Pictures stay out; print the rest of the listing below exactly as it stands.

#### Data excerpt:
▼

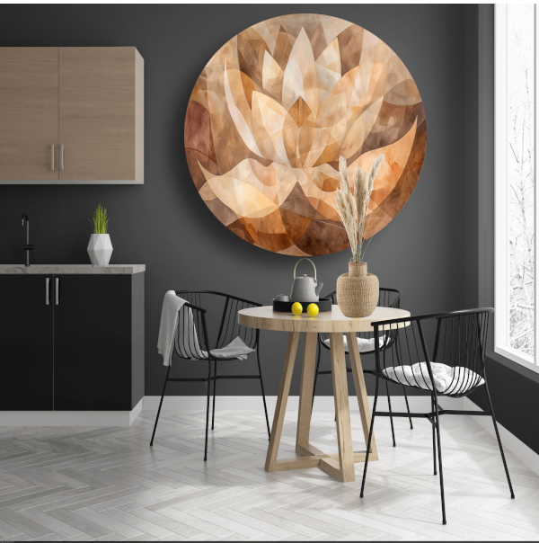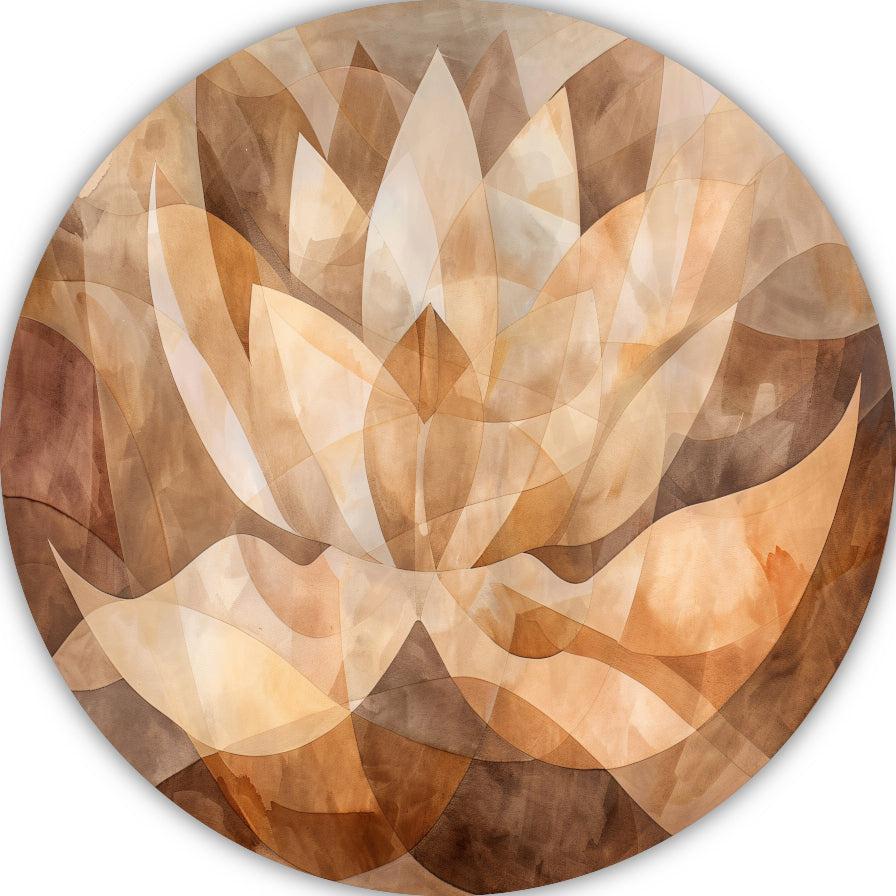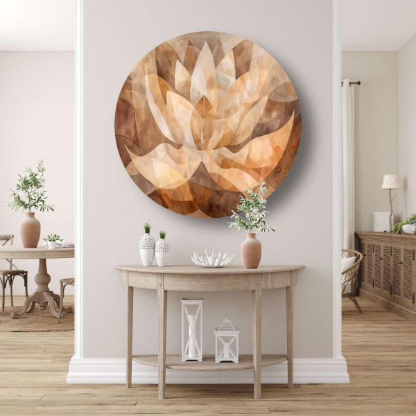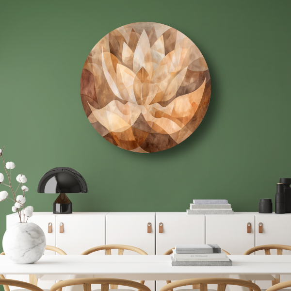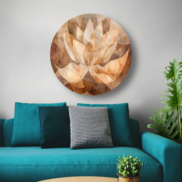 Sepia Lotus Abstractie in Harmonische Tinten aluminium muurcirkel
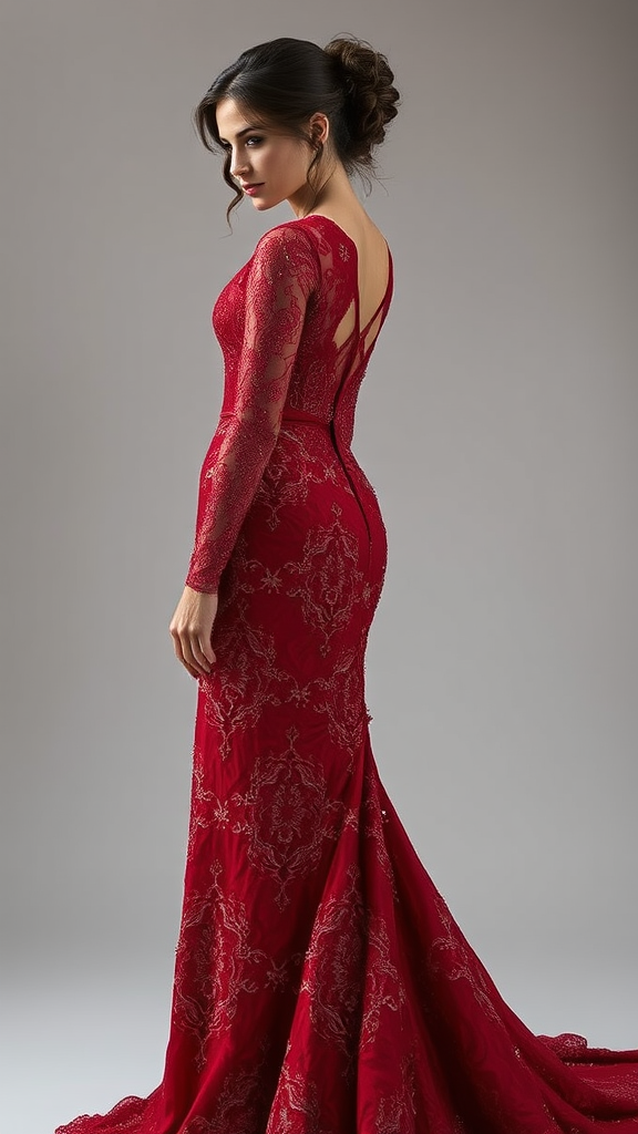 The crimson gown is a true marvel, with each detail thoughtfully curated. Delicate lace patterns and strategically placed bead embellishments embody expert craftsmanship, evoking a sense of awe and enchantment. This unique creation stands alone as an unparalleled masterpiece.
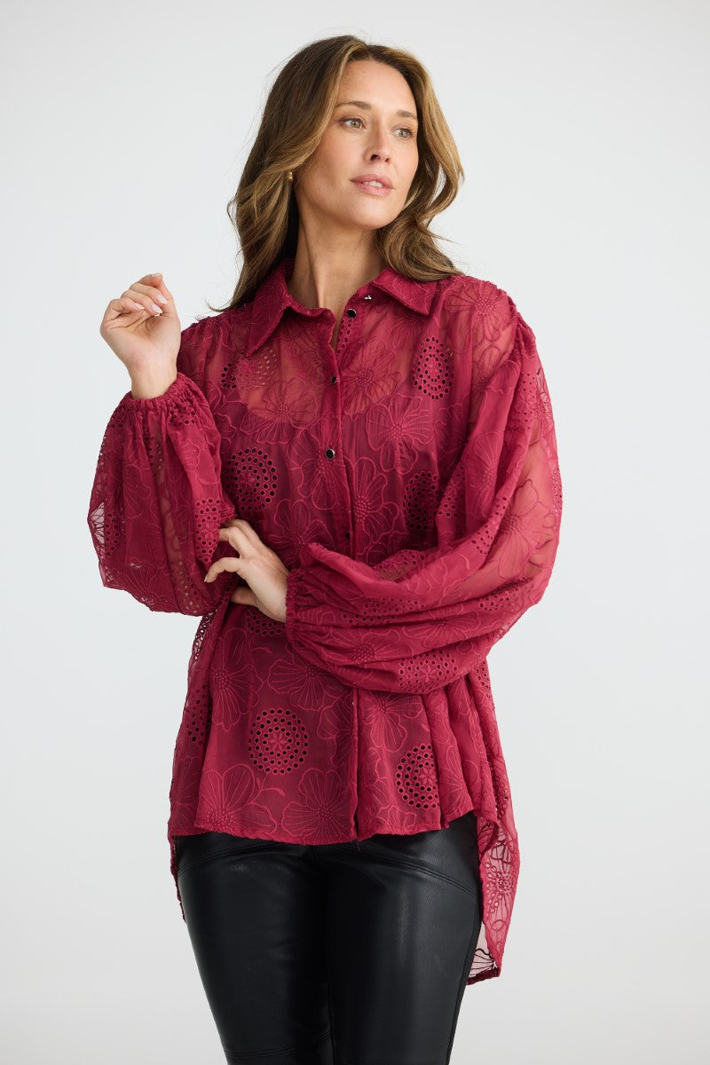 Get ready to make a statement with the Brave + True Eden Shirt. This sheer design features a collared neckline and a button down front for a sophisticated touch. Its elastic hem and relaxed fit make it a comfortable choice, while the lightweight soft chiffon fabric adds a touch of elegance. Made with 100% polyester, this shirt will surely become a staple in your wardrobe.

▲

#### Output:
 Sepia Lotus Abstractie in Harmonische Tinten aluminium muurcirkel
 The crimson gown is a true marvel, with each detail thoughtfully curated. Delicate lace patterns and strategically placed bead embellishments embody expert craftsmanship, evoking a sense of awe and enchantment. This unique creation stands alone as an unparalleled masterpiece.
 Get ready to make a statement with the Brave + True Eden Shirt. This sheer design features a collared neckline and a button down front for a sophisticated touch. Its elastic hem and relaxed fit make it a comfortable choice, while the lightweight soft chiffon fabric adds a touch of elegance. Made with 100% polyester, this shirt will surely become a staple in your wardrobe.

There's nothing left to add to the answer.